– То, что я могу предположить…
– Значит, причина все-таки в полостях, – я указал на пол. – Гравитационная аномалия…
– Да, полости…
Уистлер поднял с пола самолет. Не полетел.
– Как ты думаешь, почему до сих пор никого нет? – спросил я. – Никто не прилетел… не прибыл? Большое Жюри?
Уистлер не ответил.
– Так почему? – повторил я. – Корабль мог потеряться?
– Реген мог потеряться, – сказал Уистлер. – Планета.
– Такое возможно?
Уистлер сгреб бумагу с грузового бокса.
– Я вроде бы объяснял… Пространство не статично, расширение и смещение относительно центра коротации не прекращаются ни на секунду, к тому же скорость этого расширения непостоянна… Так что потеряться может не только корабль в VDM-фазе, да… Навигационные компьютеры Академии Циолковского высчитывают приблизительно точку финиша, однако планеты в этой точке может не оказаться, такое иногда… весьма редко, но случается. В таком случае по протоколу корабль должен вернуться на Землю, чтобы скорректировать вектор. Это занимает немалое время, так что ничего удивительного… по большому счету. Я это рассказывал… я ведь это рассказывал?
– По-моему, да…
Уистлер открыл бокс.
– Меня с детства забавляло, что составить можно лишь приблизительную карту пространства, я не мог принять его текучесть… ладно карту, схему… как хорошо было раньше, как легко… звезды висели над головой, достаточно было приставить надежную лестницу… Но потом мы поняли – они не висят, они падают… это делает навигационные системы чрезвычайно сложными и уязвимыми, падение в падении… падение вместо лестницы…
Уистлер достал из бокса деревянную утку.
– Это…
– Пучеглазая утка счастья, – сказал он. – В моей каюте висела, решил попробовать…
Уистлер размахнулся, запустил утку в сторону внешней стены.

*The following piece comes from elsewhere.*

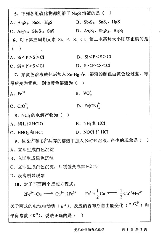 武汉大学2011-2010无机化学和有机化学636考研真题(2)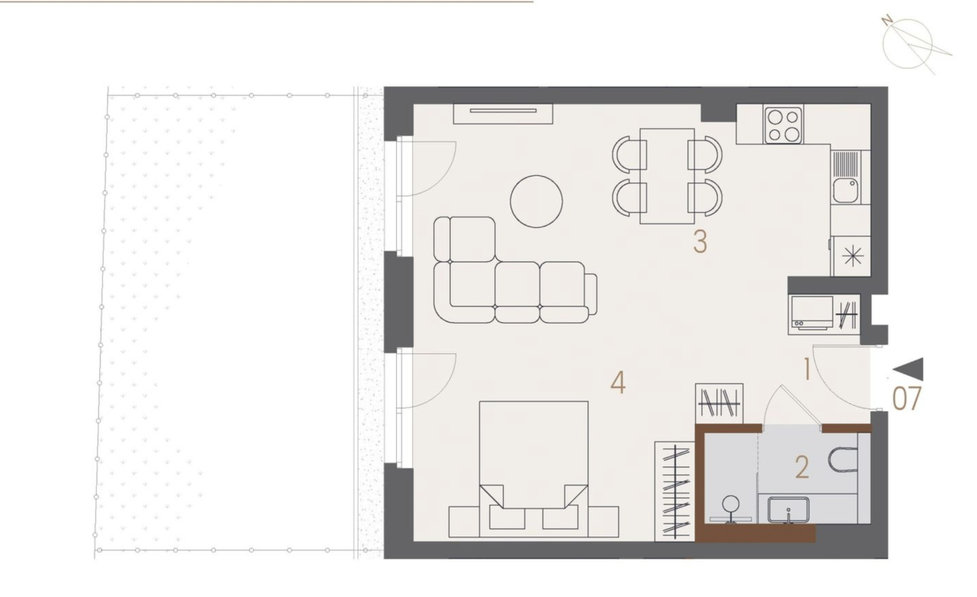 Elastyczność projektu: Możliwość wydzielenia osobnej, komfortowej sypialni oraz słonecznego salonu z aneksem kuchennym.

Утка упала на пол лаборатории, нелепо вывернула крыло, разломилась.
Уистлер посмотрел на сломанную утку с печалью.
– Мало ли… – сказал он. – Думал, вдруг… Безумная мысль.
– Согласен.
Уистлер поднял разбитую утку, голову и тело.
– Старинная утка, такие раньше висели в каждом приличном немецком доме, – пояснил он. – А потом их заменили на уток из пеноясеня, и тогда они точно летали, парили под потолком, покачивались. Но теперь уток снова делают из дерева… Это, насколько я понимаю, липа.
Я поднял сломанное крыло.
Липой не пахло, клеем, лаком, немного краской, внутри массива дерева тянулась ржавая извилистая нитка, узловатая.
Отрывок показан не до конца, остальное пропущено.